- [Work item]: Nothing but an exact copy is asked for: the lines in the material below from the one with "Inspired by impressionist" through the one with "Seychely, Mauritius). |", pictures excluded.

- [Records to process]:
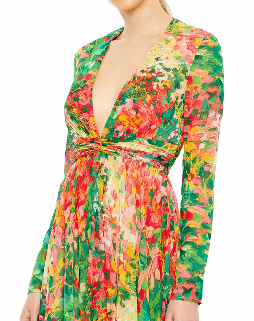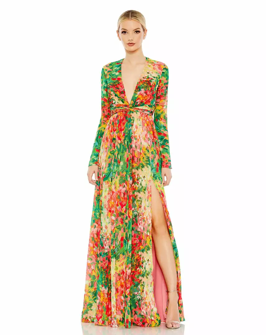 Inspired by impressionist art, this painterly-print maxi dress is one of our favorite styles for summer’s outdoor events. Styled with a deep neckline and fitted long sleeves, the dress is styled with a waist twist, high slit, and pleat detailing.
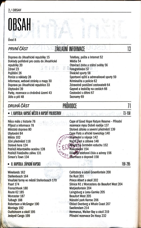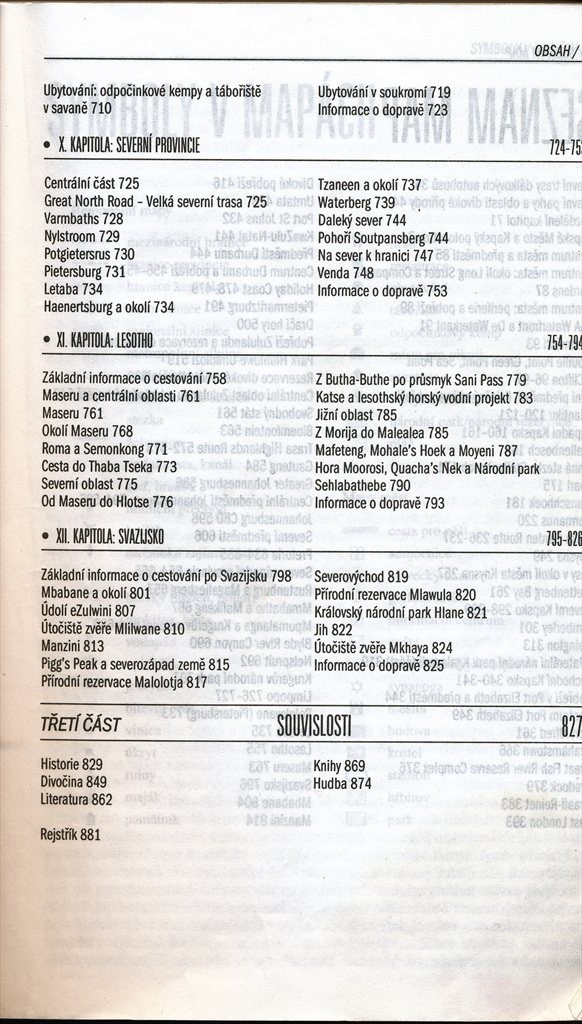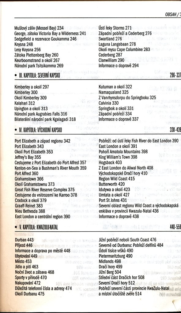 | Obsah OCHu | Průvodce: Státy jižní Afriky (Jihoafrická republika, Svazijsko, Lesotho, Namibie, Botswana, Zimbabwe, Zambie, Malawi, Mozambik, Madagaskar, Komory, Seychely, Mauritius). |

* * *

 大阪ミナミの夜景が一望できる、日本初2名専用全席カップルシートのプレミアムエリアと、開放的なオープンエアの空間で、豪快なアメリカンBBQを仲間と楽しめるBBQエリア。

- [Exercise result]:
 Inspired by impressionist art, this painterly-print maxi dress is one of our favorite styles for summer’s outdoor events. Styled with a deep neckline and fitted long sleeves, the dress is styled with a waist twist, high slit, and pleat detailing.
 | Obsah OCHu | Průvodce: Státy jižní Afriky (Jihoafrická republika, Svazijsko, Lesotho, Namibie, Botswana, Zimbabwe, Zambie, Malawi, Mozambik, Madagaskar, Komory, Seychely, Mauritius). |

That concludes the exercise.